▸ **Task**: Only the pictures are to be dropped; the rest of the data below is to be duplicated exactly.

▸ **Given entries**:
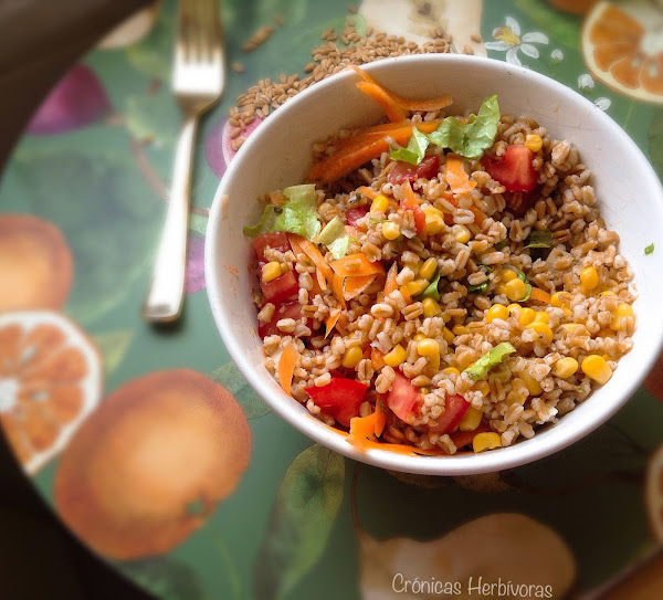 Pero si como yo, no os habéis sumergido en los misterios de hacer pan casero, hoy os propongo una solución para tomarla de una forma fácil y sencilla: cocida simplemente y añadida a la ensalada. Tenéis que saber que la espelta es una variedad de trigo (Triticum spelta) por lo que tiene gluten (así que los celíacos deben abstenerse).
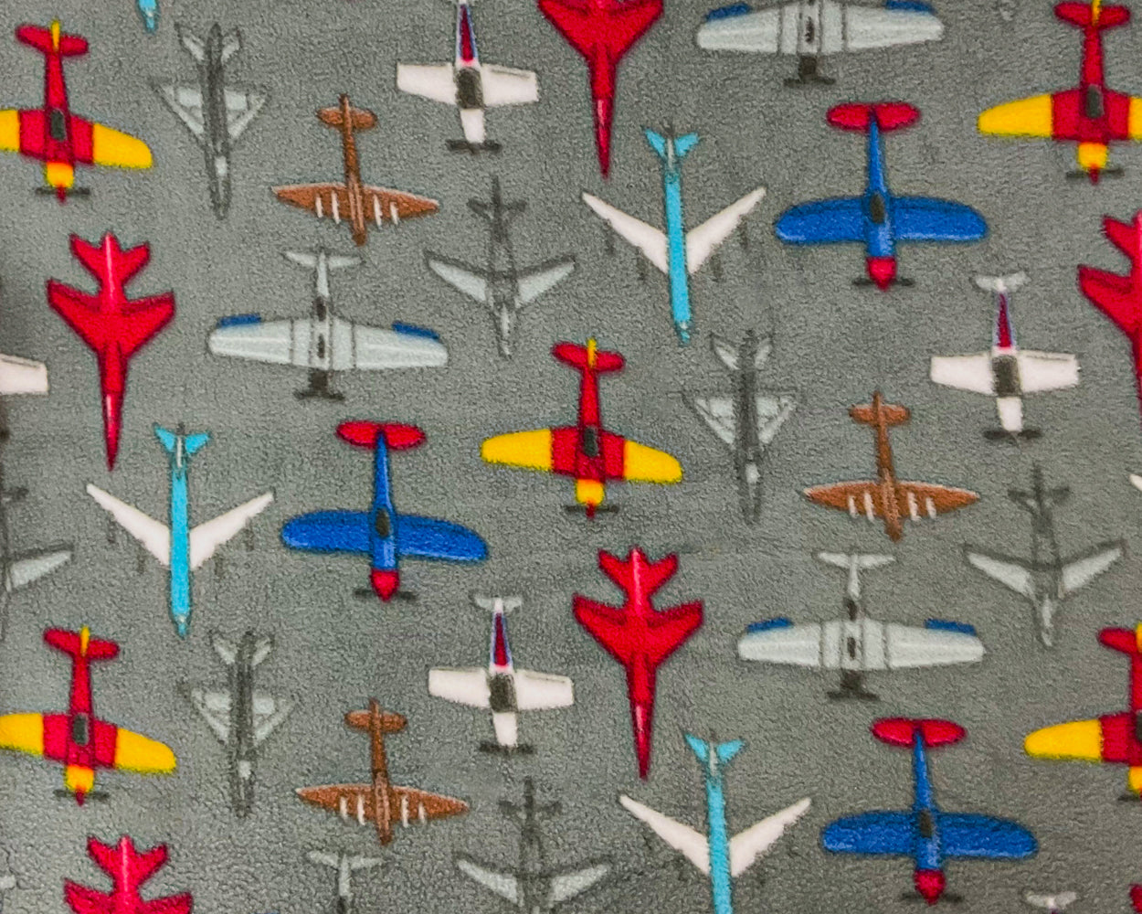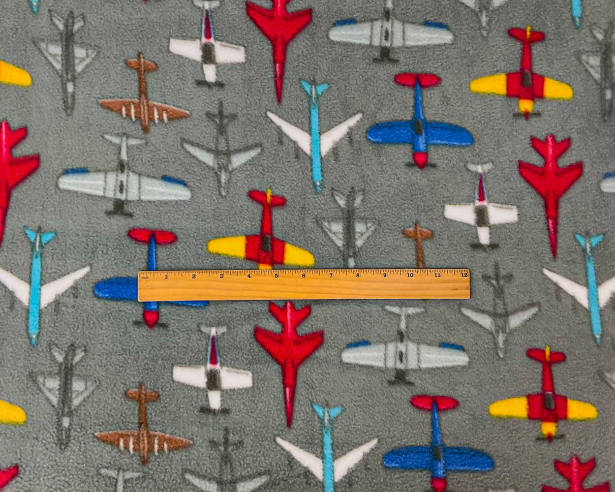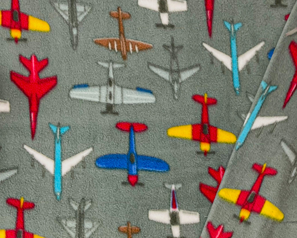 Gray-Multi Polyester Airplane Printed Polar Fleece Knit Fabric
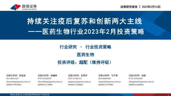 【国信证券】【20230216】医药生物行业2023年2月投资策略:持续关注疫后复苏和创新两大主线-31页
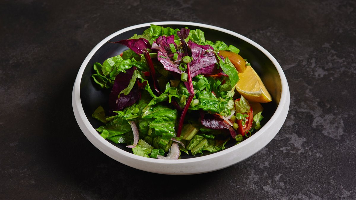 בצל ירוק תערובות עלים ירוקים – מיקס חסות, עלי בייבי, עגבניות שרי צבעוניות, בצל סגול וסלרי
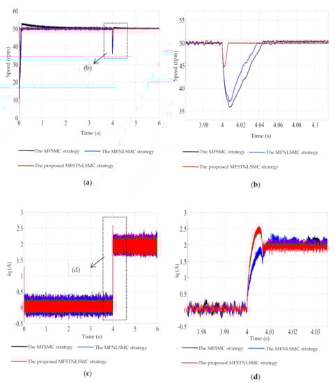 To further check the anti-disturbance performance of the proposed MFSTNLSMC strategy, the external load is changed suddenly, which becomes from at 4 s. As shown in Table 5, the speed perturbation and the speed recovery time of different control strategies due to sudden load change, are compared. Figure 6 shows the speed response contrastive curves and the circuit response curves of the q axis of different control strategies under the sudden load change. It can be seen from Table 5 and Figure 6, the shortest recovery time and the smallest perturbation amplitude are all gotten by the proposed MFSTNLSMC strategy, which indicates that the proposed MFSTNLSMC strategy has stronger robustness.
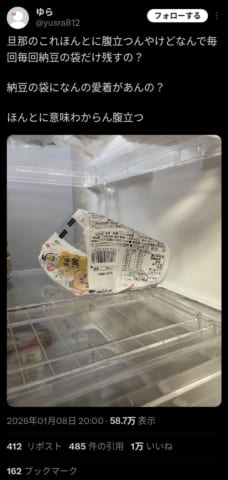 【悲報】男さん、納豆の袋だけを冷蔵庫に残して奥さんバチギレ
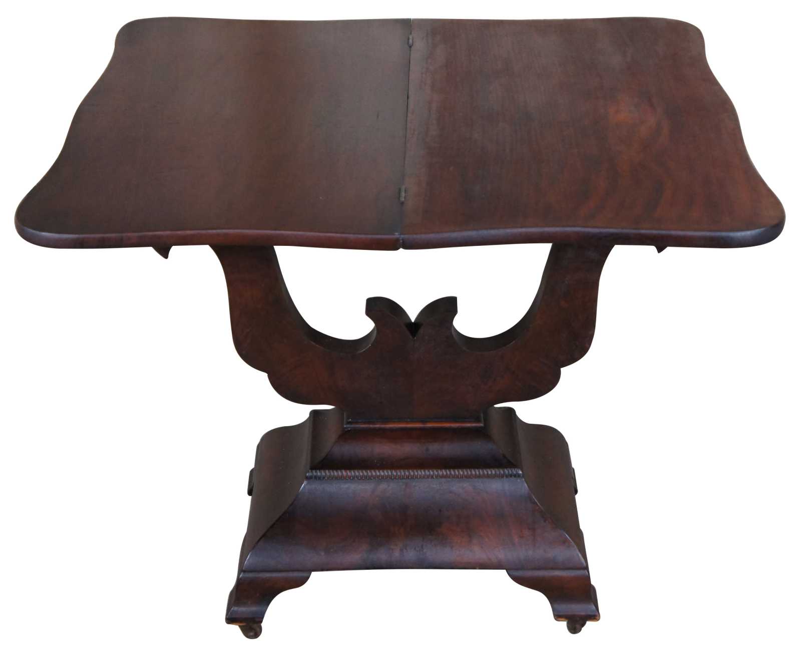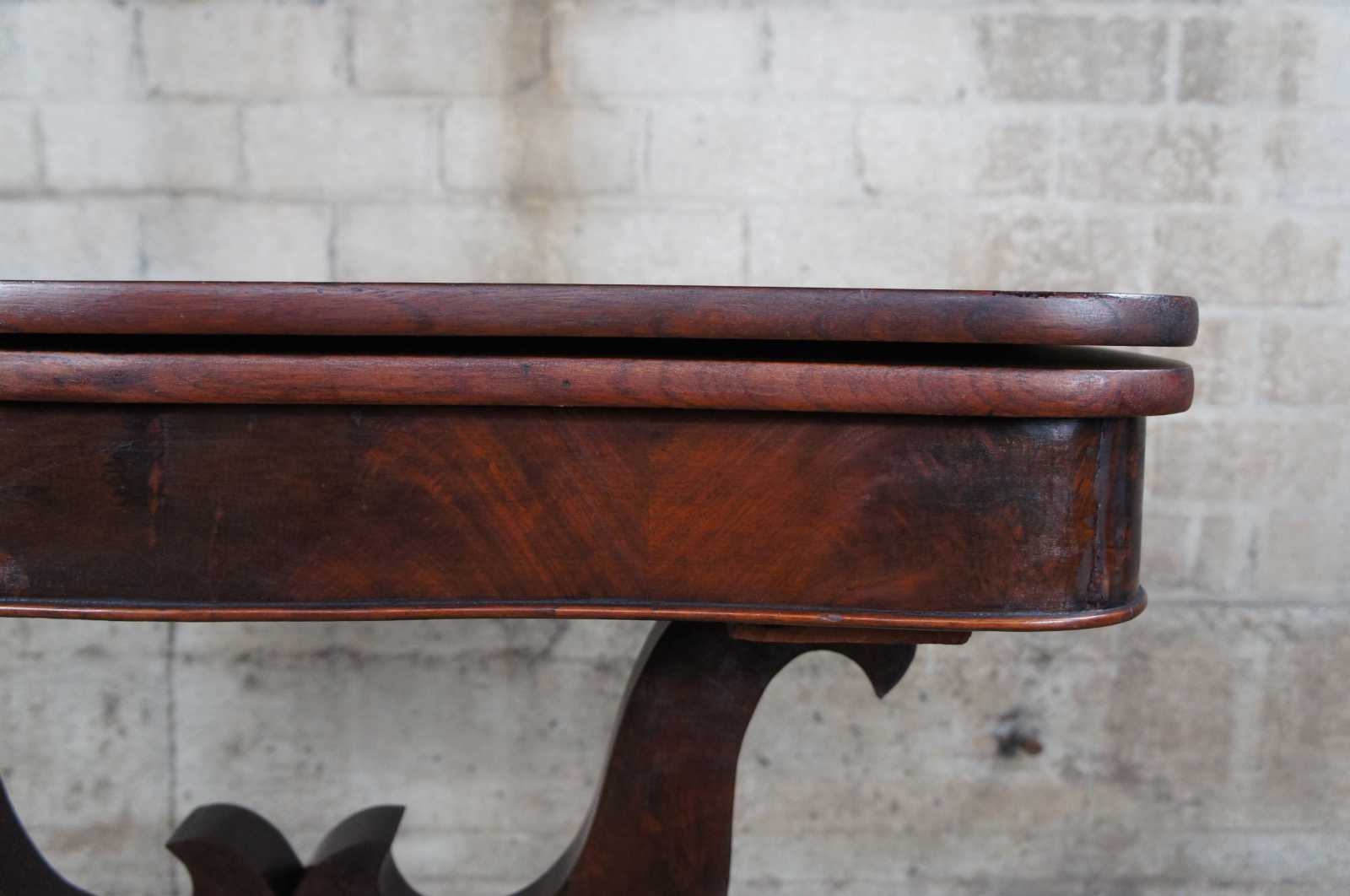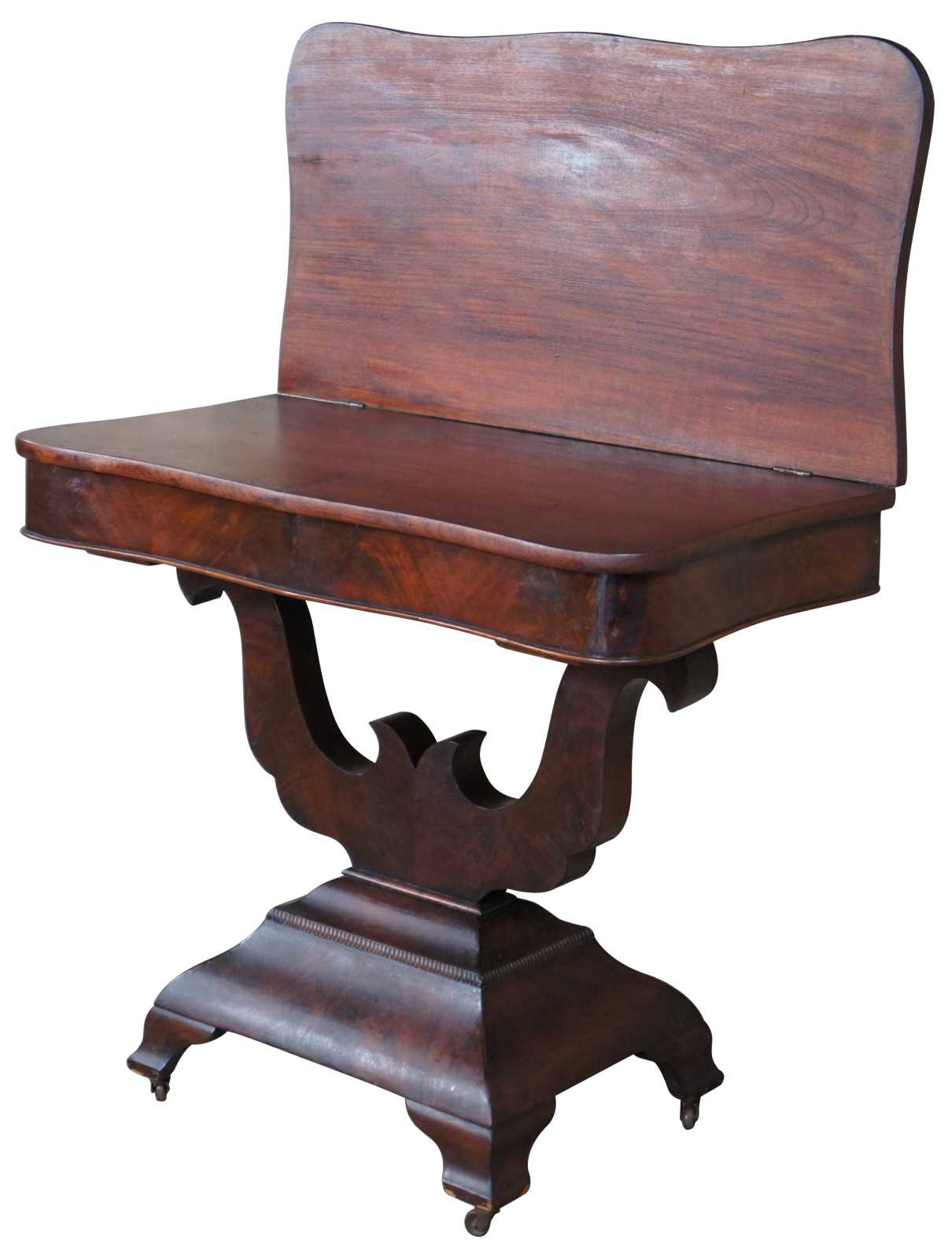 Antique 19th century, mahogany bookmatch veneered game table featuring rectangular serpentine form with a flip top game surface supported by lyre-form base.
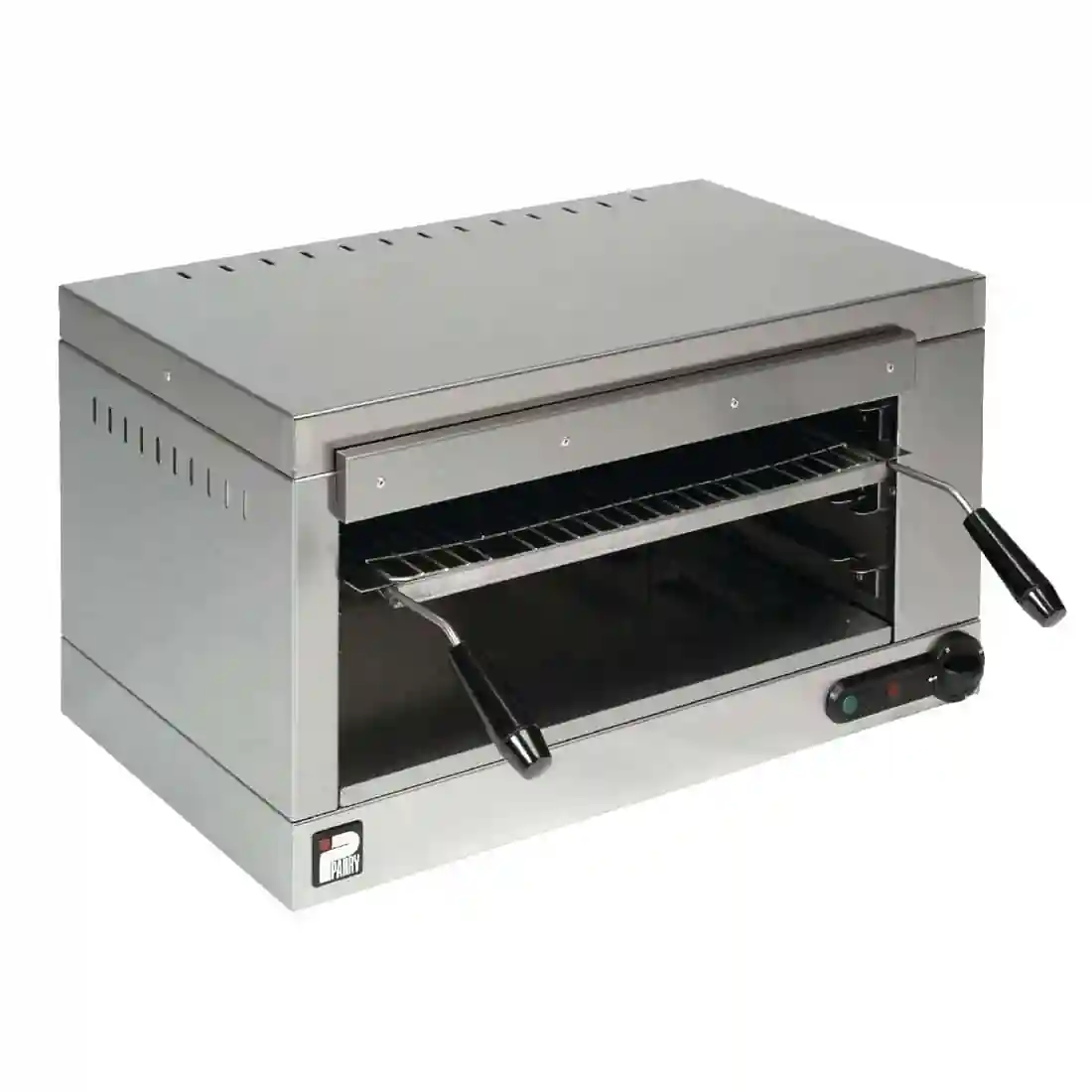 A free standing or wall-mounted stainless steel Parry modular electric Salamander grill, ideal for grilling a wide variety of foods including meat, vegetables and sandwiches, as well as toasting. Supplied with a grill pan and toasting rack, the grill features solid heating elements for consistent cooking results.
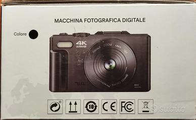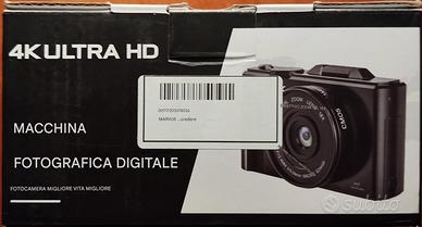 Macchina fotografica compatta, 64 Mb con Zoom ottico 18x, ideale per video in 4K, con avvitatura per cavalletto e lampada flash incorporata e schermo visore orientabile di 180°. Menu in diverse lingue, compreso l'Italiano.

▸ **Result**:
 Pero si como yo, no os habéis sumergido en los misterios de hacer pan casero, hoy os propongo una solución para tomarla de una forma fácil y sencilla: cocida simplemente y añadida a la ensalada. Tenéis que saber que la espelta es una variedad de trigo (Triticum spelta) por lo que tiene gluten (así que los celíacos deben abstenerse).
 Gray-Multi Polyester Airplane Printed Polar Fleece Knit Fabric
 【国信证券】【20230216】医药生物行业2023年2月投资策略:持续关注疫后复苏和创新两大主线-31页
 בצל ירוק תערובות עלים ירוקים – מיקס חסות, עלי בייבי, עגבניות שרי צבעוניות, בצל סגול וסלרי
 To further check the anti-disturbance performance of the proposed MFSTNLSMC strategy, the external load is changed suddenly, which becomes from at 4 s. As shown in Table 5, the speed perturbation and the speed recovery time of different control strategies due to sudden load change, are compared. Figure 6 shows the speed response contrastive curves and the circuit response curves of the q axis of different control strategies under the sudden load change. It can be seen from Table 5 and Figure 6, the shortest recovery time and the smallest perturbation amplitude are all gotten by the proposed MFSTNLSMC strategy, which indicates that the proposed MFSTNLSMC strategy has stronger robustness.
 【悲報】男さん、納豆の袋だけを冷蔵庫に残して奥さんバチギレ
 Antique 19th century, mahogany bookmatch veneered game table featuring rectangular serpentine form with a flip top game surface supported by lyre-form base.
 A free standing or wall-mounted stainless steel Parry modular electric Salamander grill, ideal for grilling a wide variety of foods including meat, vegetables and sandwiches, as well as toasting. Supplied with a grill pan and toasting rack, the grill features solid heating elements for consistent cooking results.
 Macchina fotografica compatta, 64 Mb con Zoom ottico 18x, ideale per video in 4K, con avvitatura per cavalletto e lampada flash incorporata e schermo visore orientabile di 180°. Menu in diverse lingue, compreso l'Italiano.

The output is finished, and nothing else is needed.